Exercise requirements
Each line in the records below, from the one that contains "beats365亚洲版2019年硕博连读研究生拟录取名单公示" to the one that contains "เหล่าตัวละครจะถูกแบ่งออกเป็น Class (Job)", should be reproduced exactly, the first and last included.

Records provided
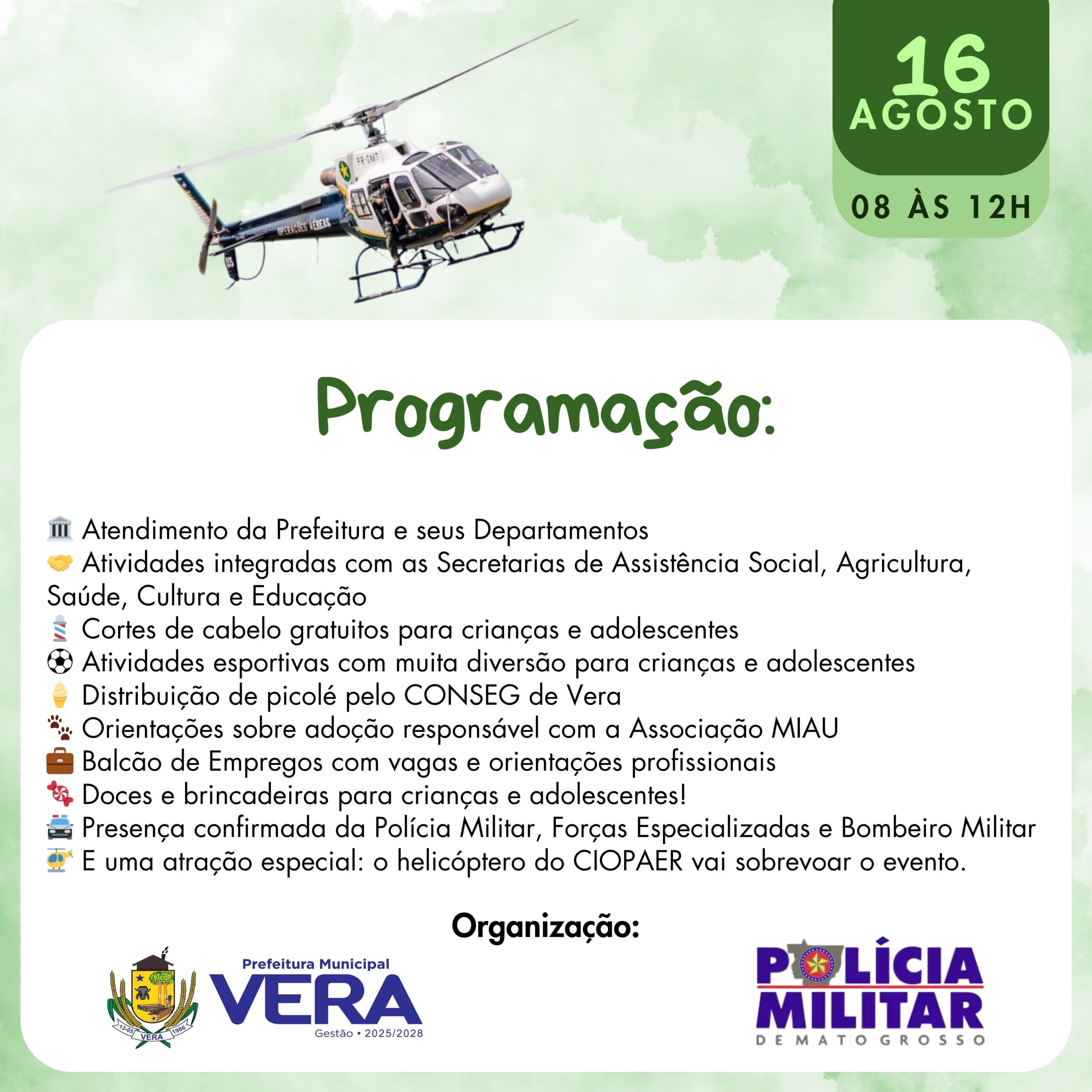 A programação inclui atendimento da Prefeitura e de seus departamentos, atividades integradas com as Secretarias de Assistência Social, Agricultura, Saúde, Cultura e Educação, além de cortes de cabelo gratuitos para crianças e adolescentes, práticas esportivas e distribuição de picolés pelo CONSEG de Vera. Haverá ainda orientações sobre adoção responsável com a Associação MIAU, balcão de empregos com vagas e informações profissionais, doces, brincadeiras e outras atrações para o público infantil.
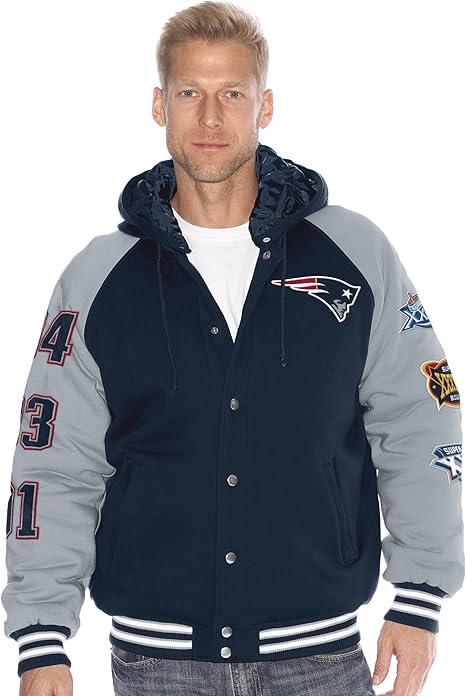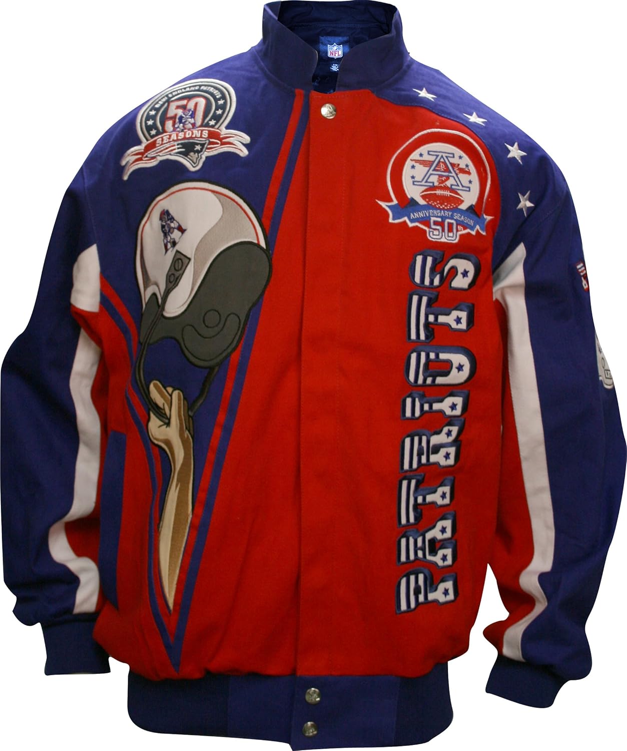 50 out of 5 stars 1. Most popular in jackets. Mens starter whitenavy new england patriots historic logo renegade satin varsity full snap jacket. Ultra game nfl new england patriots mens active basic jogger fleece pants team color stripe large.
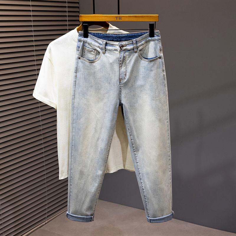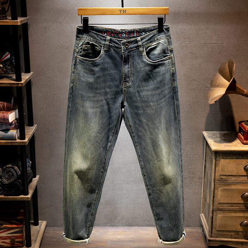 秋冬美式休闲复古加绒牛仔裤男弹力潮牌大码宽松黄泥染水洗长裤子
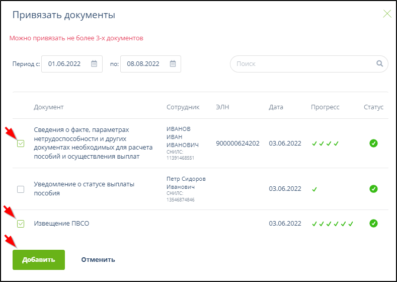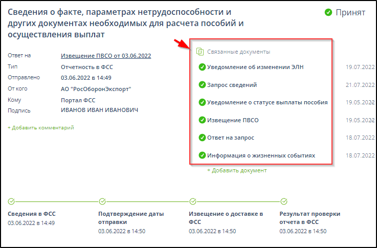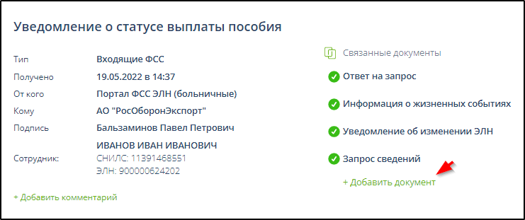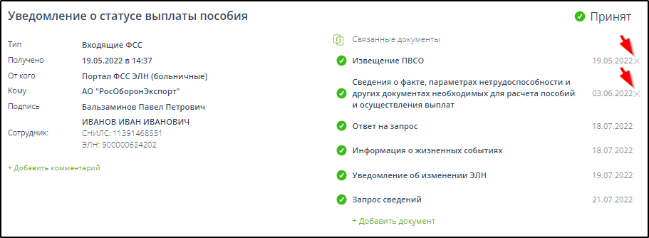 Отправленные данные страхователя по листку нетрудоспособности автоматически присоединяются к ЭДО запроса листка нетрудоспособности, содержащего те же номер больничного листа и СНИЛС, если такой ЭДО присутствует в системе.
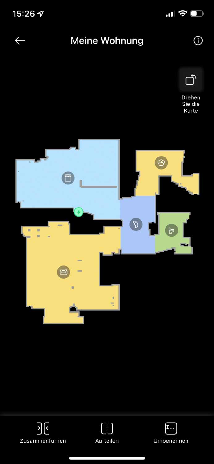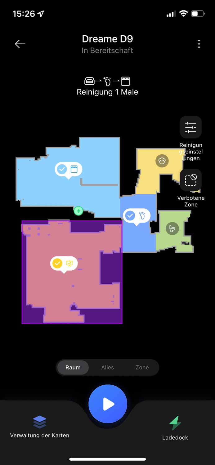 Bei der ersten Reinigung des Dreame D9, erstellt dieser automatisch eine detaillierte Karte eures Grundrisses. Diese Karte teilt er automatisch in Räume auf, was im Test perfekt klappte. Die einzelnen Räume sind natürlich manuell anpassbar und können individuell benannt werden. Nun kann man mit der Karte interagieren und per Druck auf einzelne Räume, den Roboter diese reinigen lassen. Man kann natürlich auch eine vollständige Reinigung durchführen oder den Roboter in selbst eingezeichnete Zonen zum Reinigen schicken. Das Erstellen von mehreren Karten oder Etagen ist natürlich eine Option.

--

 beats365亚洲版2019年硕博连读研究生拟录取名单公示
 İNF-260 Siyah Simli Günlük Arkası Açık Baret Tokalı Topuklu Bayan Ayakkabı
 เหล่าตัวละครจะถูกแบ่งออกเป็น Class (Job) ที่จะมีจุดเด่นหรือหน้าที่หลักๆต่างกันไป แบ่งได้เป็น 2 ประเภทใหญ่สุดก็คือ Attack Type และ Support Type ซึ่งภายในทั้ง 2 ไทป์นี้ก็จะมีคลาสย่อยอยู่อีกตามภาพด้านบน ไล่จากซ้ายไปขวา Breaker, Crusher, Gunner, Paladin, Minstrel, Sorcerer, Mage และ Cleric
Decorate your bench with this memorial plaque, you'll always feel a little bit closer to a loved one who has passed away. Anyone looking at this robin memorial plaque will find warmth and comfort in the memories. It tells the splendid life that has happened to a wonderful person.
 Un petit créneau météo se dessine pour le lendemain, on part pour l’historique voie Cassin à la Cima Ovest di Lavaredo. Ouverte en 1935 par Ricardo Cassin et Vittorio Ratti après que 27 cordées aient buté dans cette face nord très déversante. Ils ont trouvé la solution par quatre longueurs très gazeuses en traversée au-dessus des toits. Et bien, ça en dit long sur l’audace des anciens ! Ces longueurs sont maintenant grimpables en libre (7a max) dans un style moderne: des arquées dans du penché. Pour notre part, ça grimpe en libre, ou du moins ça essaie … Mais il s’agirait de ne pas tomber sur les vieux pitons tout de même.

Result for this task
 beats365亚洲版2019年硕博连读研究生拟录取名单公示
 İNF-260 Siyah Simli Günlük Arkası Açık Baret Tokalı Topuklu Bayan Ayakkabı
 เหล่าตัวละครจะถูกแบ่งออกเป็น Class (Job) ที่จะมีจุดเด่นหรือหน้าที่หลักๆต่างกันไป แบ่งได้เป็น 2 ประเภทใหญ่สุดก็คือ Attack Type และ Support Type ซึ่งภายในทั้ง 2 ไทป์นี้ก็จะมีคลาสย่อยอยู่อีกตามภาพด้านบน ไล่จากซ้ายไปขวา Breaker, Crusher, Gunner, Paladin, Minstrel, Sorcerer, Mage และ Cleric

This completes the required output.